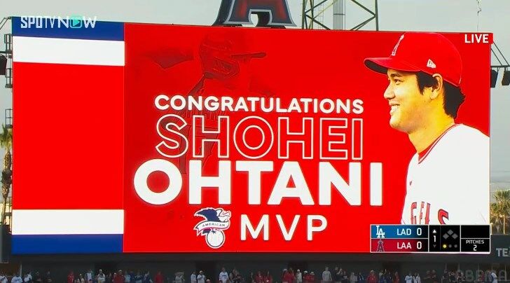 大谷翔平、エンゼルスタジアムがい旋1打席目に昨季MVP祝福で異例の約1分間試合中断
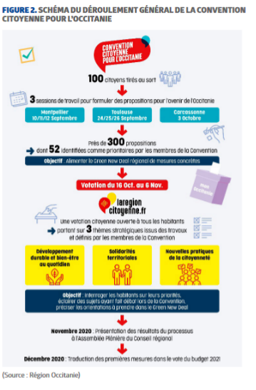 La convention citoyenne pour le climat (CCC), qui s’est déroulée entre 2019 et 2020, a rassemblé 150 citoyens français tirés au sort dans l’objectif de définir des mesures permettant de diminuer d’au moins 40 % les émissions de gaz à effet de serre d’ici 2030 par rapport à 1990. À l’issue d’un travail régulier s’étalant sur neuf mois, les membres de la CCC ont remis 149 propositions au gouvernement français. Bien que la note de 3,3/10 ait été attribuée au gouvernement pour la prise en compte des propositions par les membres de la CCC, celle-ci a constitué une initiative innovante en matière de démocratie délibérative en France. La Région Occitanie a souhaité décliner la méthodologie employée par la CCC à l’échelle de son territoire.
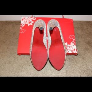 These are some very gorgeous heels. Not so high nor so low. Very comfortable. Unfortunately they do not fit. Never worn! Brand new! Bottom of heels are red!
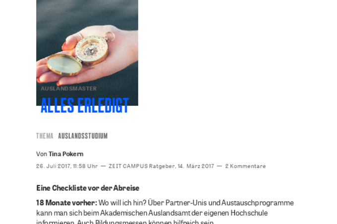 Auslandsmaster: Alles erledigt | ZEIT Campus Eine Checkliste vor der Abreise 18 Monate vorher: Wo will ich hin? Über Partner-Unis und Austauschprogramme kann man sich beim Akademischen Auslandsamt der eigenen Hochschule informieren. Auch Bildungsmessen können hilfreich sein. 15 Monate vorher: Welche
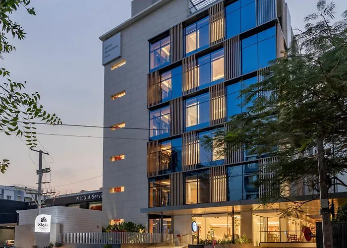 Skyla Studios & Suites - Kondapur Haiderabad hotel met 63 kamers biedt 2 restaurants aan en ligt in de HITEC City wijk binnen 6 minuten wandelafstand van Jayabheri Silicon Tower. Dit 4-sterrenhotel met een winkelgebied en een restaurant bevindt zich binnen 2 km afstand van de Botanische Tuin van Hyderabad in Haiderabad.
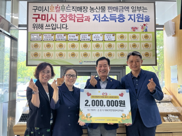 손광식 대표(구미시로컬푸드직매장 출하자협의회장)는 “그동안 지역 소비자들의 큰 사랑 덕분에 농업을 지속할 수 있었고 이에 보답하고자 기부를 결심했으며 앞으로도 시민들에게 사랑받는 착한 농업을 실천하겠다”고 소감을 밝혔다.
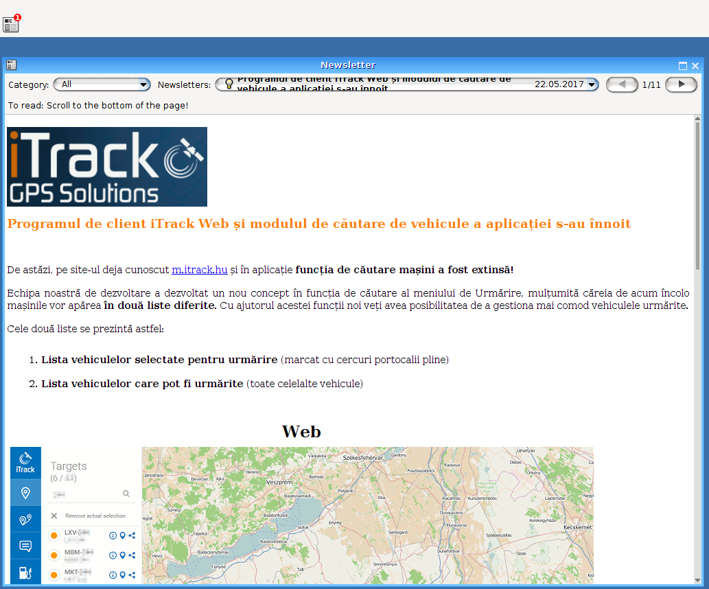 Buletinul informativ vă oferă informaţii actuale. Dacă apare o informaţie nouă referitoare la sistem, atunci la pornirea programului iTrack client apare automat noul buletin informativ. După citire buletinul informativ nu mai apare, dar poate fi afişat oricând cu ajutorul acestui item de meniu. În pătrăţelul din colţul din stânga jos puteţi bifa că aţi citit buletinul. Sub opţiunea Categorii puteţi alege dintre trei itemi de meniu: Important, Notificare, Pontul zilei. Timp de activare şi de expirare setabil, ceea ce înseamnă că buletinele informative rămân afişate până la data setată.
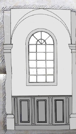La partie centrale est surmontée d'un fronton demi circulaire :
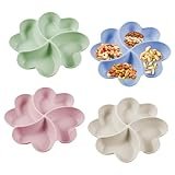 SJDOFU Herzförmige Snackteller, 4 Stück mit Fächern, für Nuss, Candy, Getrocknetes Obst und Essen zur Home-Party (Rosa, Gelb,Grün, Blau)
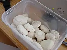 The traditional drinks are fermented mare's milk (qymyz),[8] camel's milk (shubat),[9] cow's milk (Ayran), and sheep's milk, as well as their products qaymaq (sour cream), qatyq or ayran (buttermilk), qurt (which is made from dried cheese and whey rolled into balls),[7] and irimshik (dried sour milk product similar to qurt, but not rolled into balls).[10] These drinks were traditionally consumed with the main course. However, meals often end with qymyz and then tea.[7] In the summer, shubat is one of the staple drinks of the Adai Kazakhs.[11] Black tea was introduced from China after the foundation of the Silk Way and was traditionally consumed with sweets after the main course. Nowadays it has virtually replaced other traditional drinks and every meal is accompanied with tea. The tea ceremony, taking its roots from the nomads many centuries ago, is a special dastarqan (дастарқан) ritual in Kazakhstan. Kazakh tea is typically strong black tea with milk or cream.
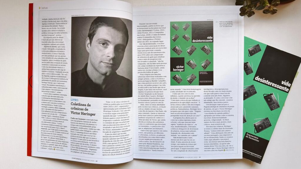 O que parecia um benefício se tornou uma limitação, é preciso esforço pra sair da bolha. E dentro dessa missão, há certos antídotos como o livro Vida Desinteressante – Fragmentos de memórias (Companhia das Letras, 262 páginas), do Victor Heringer.
--
TASK INSTRUCTIONS: From the line containing "Buletinul informativ vă" through the line containing "SJDOFU Herzförmige Snackteller, 4", copy every line above exactly, without pictures.

REPLY:
 Buletinul informativ vă oferă informaţii actuale. Dacă apare o informaţie nouă referitoare la sistem, atunci la pornirea programului iTrack client apare automat noul buletin informativ. După citire buletinul informativ nu mai apare, dar poate fi afişat oricând cu ajutorul acestui item de meniu. În pătrăţelul din colţul din stânga jos puteţi bifa că aţi citit buletinul. Sub opţiunea Categorii puteţi alege dintre trei itemi de meniu: Important, Notificare, Pontul zilei. Timp de activare şi de expirare setabil, ceea ce înseamnă că buletinele informative rămân afişate până la data setată.
La partie centrale est surmontée d'un fronton demi circulaire :
 SJDOFU Herzförmige Snackteller, 4 Stück mit Fächern, für Nuss, Candy, Getrocknetes Obst und Essen zur Home-Party (Rosa, Gelb,Grün, Blau)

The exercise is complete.